Any idea about the reason?
Is this a timeSeries package bug, or I'm doing something wrong ?
If the latter, what's the right way to be sure to catch all the errors ?
Thanks in advance.
EDIT :
Here's a smaller example reproducing the issue that doesn't use timeSeries package. To test it, just run it as described above:
library(methods)
# define a generic function
setGeneric("foo",
function(x, ...){standardGeneric("foo")})
# set a method for the generic function
setMethod("foo", signature("character"),
function(x) {x})
tryCatch(
{
foo("abc")
foo(notExisting)
},error=function(e)print(e))
It seems something related to generic method dispatching; when an argument of a method causes an error, the dispatcher cannot find the signature of the method and conseguently raises an exception that tryCatch function seems unable to handle when run through RScript.
Strangely, it doesn't happen for example with print(notExisting); in that case the exception is correctly handled.
Any idea about the reason and how to catch this kind of errors ?
Note:
I'm using R-2.14.2 on Windows 7
The issue is in the way the internal C code implementing S4 method dispatch tries to catch and handle some errors and how the non-interactive case is treated in this approach. A work-around should be in place in R-devel and R-patched soon.
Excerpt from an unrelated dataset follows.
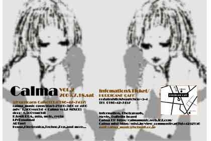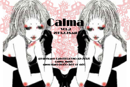 夏がやってきました!! えぇ〜もうなつだぁ!!とかってはっちゃけられる年でもないよぉ〜。とかうなだれてはいけません。それはきっと老化の始まり、若い人からおじいちゃんおばあちゃんの入れ歯がはずれるまで、 つまり、老若男女、ろうにゃくにゃんにょ。 幅広くハウス好きに愛されたいイベント 「calma」 のvol.2がやってきました! 【Calma Vol.2】 House,Electronica,Techno,Pop... @HURRICANE CAFE(odate) OPEN 21:00〜 ADV \1500(1D) DOOR \1500(1D) DJ/ MIURRA asia moto ryota Dan

Work-around now committed to R-devel and R-patched.
Information about tryCatch() [that the OP already knew and used but I didn't notice]
I think you are missing that your tryCatch() is not doing anything special with the error, hence you are raising an error in the normal fashion. In interactive use the error is thrown and handled in the usual fashion, but an error inside a script run in a non-interactive session (a la Rscript) will abort the running script.
tryCatch() is a complex function that allows the potential to trap and handle all sorts of events in R, not just errors. However by default it is set up to mimic the standard R error handling procedure; basically allow the error to be thrown and reported by R. If you want R to do anything other than the basic behaviour then you need to add a specific handler for the error:
> e <- simpleError("test error")
> tryCatch(foo, error = function(e) e,
+ finally = writeLines("There was a problem!"))
There was a problem!
<simpleError in doTryCatch(return(expr), name, parentenv, handler): object 'foo'
not found>
I suggest you read ?tryCatch in more detail to understand better what it does.
An alternative is to use try(). To modify your script I would just do:
# this is the line with the uncatchable error
tried <- try(currTs[!(as.POSIXlt(time(currTs))$wday %in% specificWeekDay),] <- NA,
silent = TRUE)
if(inherits(tried, "try-error")) {
writeLines("There was an error!")
} else {
writeLines("Everything worked fine!")
}
The key bit is to save the object returned from try() so you can test the class, and to have try() operate silently. Consider the difference:
> bar <- try(foo)
Error in try(foo) : object 'foo' not found
> bar <- try(foo, silent = TRUE)
> class(bar)
[1] "try-error"
Note that in the first call above, the error is caught and reported as a message. In the second, it is not reported. In both cases an object of class "try-error" is returned.
Internally, try() is written as a single call to tryCatch() which sets up a custom function for the error handler which reports the error as a message and sets up the returned object. You might wish to study the R code for try() as another example of using tryCatch().